Dollar gains ground after rate-driven yo-yo; the yen, fragile waiting for the Bank of Japan

Dollar gains ground after rate-driven yo-yo; the yen, fragile waiting for the Bank of Japan
Dollar gains ground after rate-driven yo-yo; the yen, fragile waiting for the Bank of Japan

The dollar rose on Thursday, recouping some of the previous day’s losses after the Federal Reserve forecast a single rate cut this year, although softer-than-expected U.S. inflation tempered some of those gains.

The yen remained under heavy pressure ahead of Friday’s Bank of Japan meeting and traders braced for further volatility in the currency.

Price action in the foreign exchange market was relatively subdued on Thursday, compared to the previous day, when the dollar fell almost 1% at one point following the release of consumer price index data ( CPI), before ending the day with a loss of 0.5%, which is still the largest in two weeks.

Consumer prices in the United States remained unchanged in May compared to April, compared to market expectations of a 0.1% increase.

“I think the CPI reaction was a bit overblown. It was almost a relief that it wasn’t worse. And that’s what caused such a strong knee-jerk reaction,” said Fiona Cincotta, market strategist at City Index.

“We saw the dollar’s massive sell-off retreat upon hearing the Fed news and today it is also trending upward. In the cold light of day, perhaps that impression of inflation was not as ‘refreshing’ as the market initially was.” read in it,” he said.

Inflation rose at an annual rate of 3.4%, still well above the Fed’s 2% target.

Later on Wednesday, the Federal Reserve kept the funds rate at 5.25-5.5% and policymakers’ median projection for the number of cuts this year fell to just one, down from three in March.

Despite the Federal Reserve’s projections, markets stuck to forecasting nearly two 25 basis point rate cuts this year, helping to reverse some of the dollar’s losses.

“Markets see the dollar weakening, with swings in between,” said Imre Speizer, a strategist at Westpac in Auckland. “That’s (mostly) due to the Fed’s rate cuts, which are still in the cards for this year.”

The euro experienced its biggest one-day rise in 2024 on Wednesday, following the US inflation figures. The European single currency has been subject to intense volatility this week, shaken by political uncertainty in France, where a poor result in the European Union elections led French President Emmanuel Macron to call an early vote.

The euro, which touched six-week lows earlier this week, was flat on the day around $1.08, having risen 0.64% the previous day. The derivatives market shows that the premium that traders will pay for the option to sell the euro, rather than buy it, has grown to its highest level since April.

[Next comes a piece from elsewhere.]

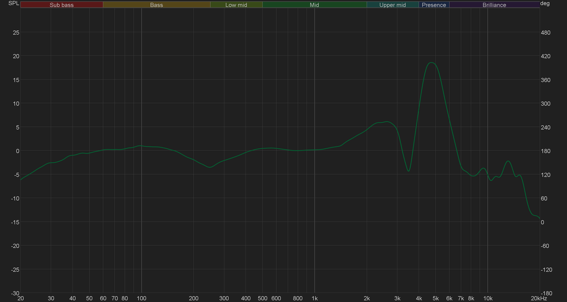 Главная особенность Roland RH-5 — довольно ровный график АЧХ, неравномерность в большей части диапазона не превышает 5 дБ. И никаких выраженных акцентов на басах, в отличие от подавляющего большинства современных моделей. В результате многим пользователям бас может показаться недостаточно ярко выраженным. А вот тем, кто любит акцентированную верхнюю середину и подчеркнутый вокал, звучание наверняка придется по душе.

Sterling, which also faces political risk from the upcoming British general election on July 4, was flat at $1.2795, having gained 0.5% the day before.

US Federal Reserve Chairman Jerome Powell maintained a familiar tone in his press conference, stressing that policymakers would be sensitive to economic data. Although fewer cuts were expected for this year, policymakers had them planned for 2025 or 2026.

Still, it was cold comfort for the yen, which is fighting bearish momentum while the gap is so wide between near-zero Japanese rates and much higher short-term U.S. rates.

The Bank of Japan concludes a two-day policy meeting on Friday and markets are awaiting some kind of announcement or signal that the bank will reverse massive bond purchases to allow further rises in Japanese yields.

That leaves the yen vulnerable to disappointment. It was last trading at 157.23 per dollar and on the back foot at the crosses – where it touched a 17-year low of 97.06 per kiwi overnight and a 16-year low of 200.91 per pound.

Overnight options implied volatility, a measure of trader demand for protection against big currency swings, rose to its highest level in six weeks.